Equations for double etale covers of the hyperelliptic curve $y^2 = x^5+1$
Let $X$ be the (smooth projective model) of the hyperelliptic curve $y^2=x^5+1$ over $\mathbf C$.
Can we "easily" write down equations for all double unramified covers of $X$?
Topologically, these covers correspond to (normal) subgroups of index two in the fundamental group of $X$. So there's only a finite number of them. The function field of $X$ is $K=\mathbf C(x)[y]/(y^2-x^5-1)$. A double etale cover of $X$ corresponds to (a certain) quadratic extension $L/K$. I guess every quadratic extension of $K$ is given by taking the root of some element $D$ in $K$, or by adjoining $(1+\sqrt{D})/2$ to $K$ for some $D$.
I didn't get much further than this though.
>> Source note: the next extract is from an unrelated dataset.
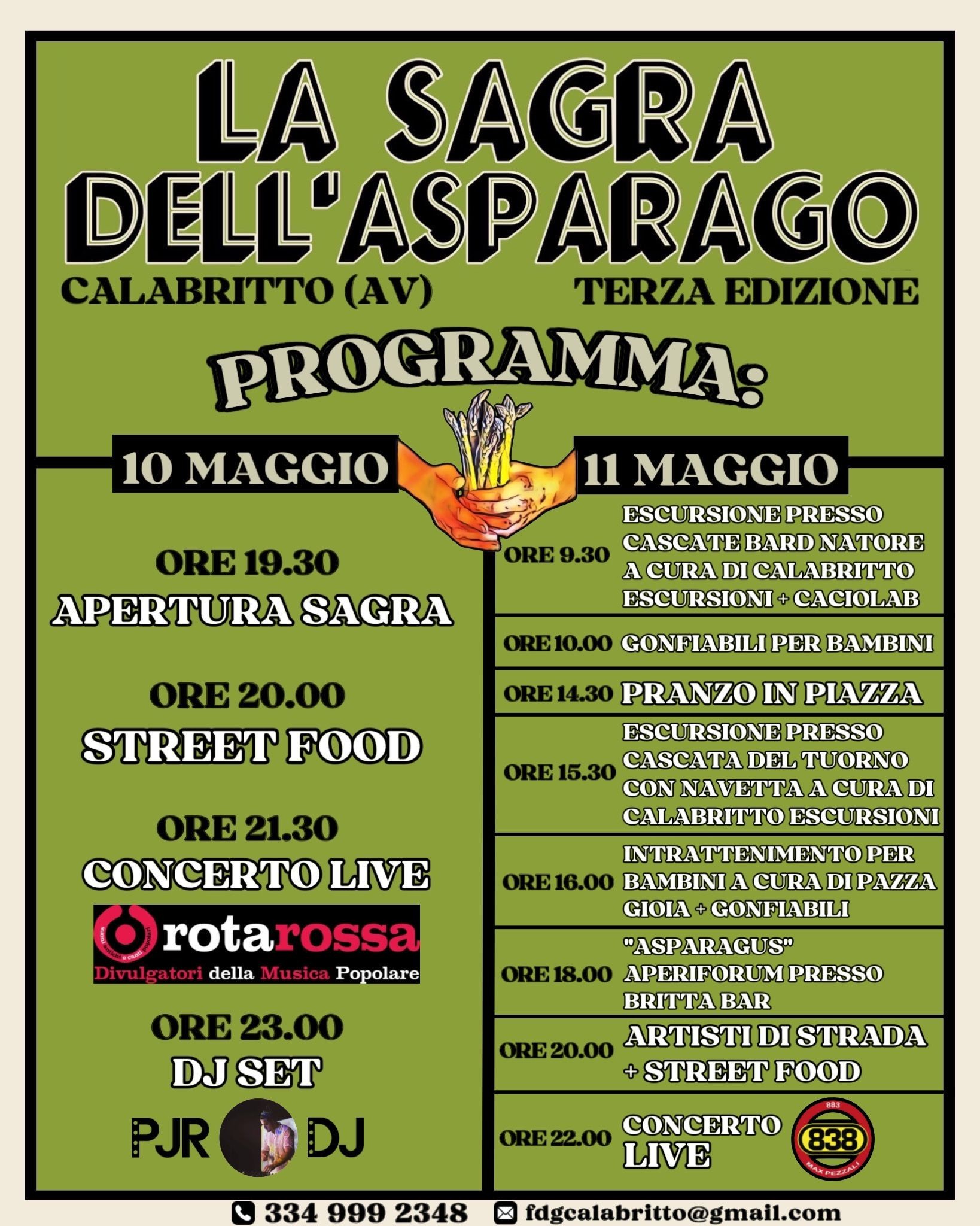 L'evento di tradizione organizzato e curato dal Forum dei Giovani di Calabritto, La Sagra dell'asparago, sabato 10 e domenica 11 maggio.

Let me elaborate a bit my comment.
This part works for any smooth projective curve $X$ in characteristic $\ne 2$. A double cover $Y\to X$ is given, as you said, by a quadratic extension $L$ of $K={\mathbf C}(X)$. It is an elementary result that such an extension is always given by adjoining a square root $z$ of some $f\in K$: $L=K[z]$ with $z^2=f$.
Now the question is when is this cover étale ?
Claim: The cover $Y \to X$ given by $z^2=f$ is étale if and only if the divisor $\mathrm{div}_X(f)$ of $f$ is of the form $$\mathrm{div}_X(f)=2D$$ for some divisor $D$ on $X$.
It is a little too long to check all details here, but we can see that if $f$ has a zero of odd order at some point $x_0\in X$, then locally at $x_0$, we have $z^2=t^du$ where $t$ is a parameter at $x_0$, $u$ is a unit of $O_{X,x_0}$ and $d=2m+1$ is an odd positive integer. Therefore $t=(z/t^m )^2u^{-1}$ vanishes at ordre $>1$ at any point of $Y$ lying over $x_0$, so $Y\to X$ is ramified above $x_0$.
Admitting the above claim, our task now is to find rational functions $f$ on $X$ such that $\mathrm{div}(f)$ has only zeros and poles of even orders (and of course, for $L$ to be really quadratic over $K$, $f$ must not be a square in $K$). Equivalently, we are looking for divisors $D$ on $X$ such that $2D\sim 0$ and $D\not\sim 0$. A such $D$ has degree $0$ and its class in the Jacobian of $X$ has order exactly $2$.
Note that if $D'\sim D$, then the étale cover associated to $D'$ is the same then the one associated to $D$ because $\mathrm{div}(f')=2D'$ implies that $f=h^2f'$ for some $h\in K$ (the ground field needs to be algebraically closed for this), so $K[\sqrt{f}]=K[\sqrt{f'}]$. This says that $X$ has exactly $2^{2g}-1$ double étale covers, where $g$ is the genus of $X$.
If you are patient enough to arrive to this point, we can start to find the desired $D$ on a hyperelliptic curve $X$ defined by $y^2=P(x)$, with $P(x)$ of odd degree $2g+1$ ($g$ is the genus of $X$). It is known that the differences of two Weierstrass points are $2$-torsion in the Jacobian. More concretely, let $a_1, \dots, a_{2g+1}$ be the zeros of $P(X)$. Then $$f_i:=(x-a_1)/(x-a_i), \quad 2\le i\le 2g+1$$ has divisor $2(w_1-w_i)$ where $w_i$ is the Weierstrass point $x=a_i, y=0$ in $X$. If I remember correctly, the $w_1-w_i$ form a basis of the $2$-torsion points over $\mathbb Z/2\mathbb Z$. This means finally that the étale double covers of $X$ are given by $$z^2=\prod_{2\le i\le 2g+1} f_i^{\epsilon_i}, $$ for some $(\epsilon_2, \dots, \epsilon_{2g+1})\in (\mathbb Z/2\mathbb Z)^{2g}\setminus \{ 0\}$. Now you know what to do with your specific curve.
As my reputation is still too low, I could not add a comment to your answer Cantlog. What I wanted to say is the following: shouldn't it be true that the divisor of the rational function $f_{i}$ you define equals $2(w_{1} - w_{i})$, as the order of vanishing of the rational function $x$ at the point $(0,0)$ is $2$? Then indeed the class of the divisor $w_{1} - w_{i}$ is a 2-torsion point on the Jacobian of $X$, as twice that divisor becomes rationally equivalent to the class of the zero divisor.